AI² Robotics’ view is that companies should usually prioritize countries where labor shortages are more acute, demand for automation is more real, and government support is more visible. In terms of market entry strategy, it also tends to favor a “landmark customer first” approach—building a small number of sustainable reference cases before scaling up, rather than rolling out aggressively from the start. For example, through its collaboration with Singapore’s A*STAR, the company is already providing embodied AI solutions to Fortune 500 clients. In the Middle East, universities have also begun introducing its robots for application validation in aerospace-related scenarios.
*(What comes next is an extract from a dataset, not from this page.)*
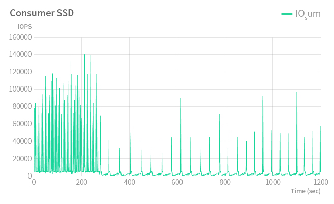 When you take a closer look at the detailed performance test, you may find that SSD performance changes over time. SSD vendors sugarcoat the performance figures by revealing only part of the whole picture.

Still, based on AI² Robotics’ current overseas experience, embodied AI remains at a very early stage in international markets. Most deployments today are still small-scale POCs, typically involving one or two units for validation before any gradual move toward scale. At this stage, the company generally adopts a “product first, compliance in parallel” approach. This is especially true in markets such as Southeast Asia, where early-stage compliance requirements are relatively more flexible. Only once shipment volumes reach a certain threshold does the company begin systematically completing the certification framework needed to enter Europe and the United States.

5.     The Real Watershed Is Not the Demo, but Long-Term Operation

Over a longer time horizon, competition in embodied AI will not ultimately be defined by model parameters, robot form factors, or single-point performance metrics. It will gradually shift toward competition at the level of system capability. In AI² Robotics’ view, the companies most likely to build real defensibility will be those that can place robots into real-world scenarios first, keep them running stably, continue collecting data, and keep iterating over time.

From this perspective, the advantage of Chinese companies lies not only in their more complete supply chains or faster hardware iteration cycles, but more importantly in their access to denser application scenarios and shorter validation loops. This allows companies to complete the loop from product definition and scenario validation to delivery optimization earlier, pushing embodied AI beyond simply “being built” toward “being deployed, replicated, and scaled.” For the same reason, Chinese embodied AI companies may be among the first to establish a set of replicable global expansion pathways.

In the end, the industry’s real watershed will not be who can produce the most impressive demo first, but who can make robots run sustainably in specific real-world scenarios over the long term—and build a self-reinforcing data loop around that operation.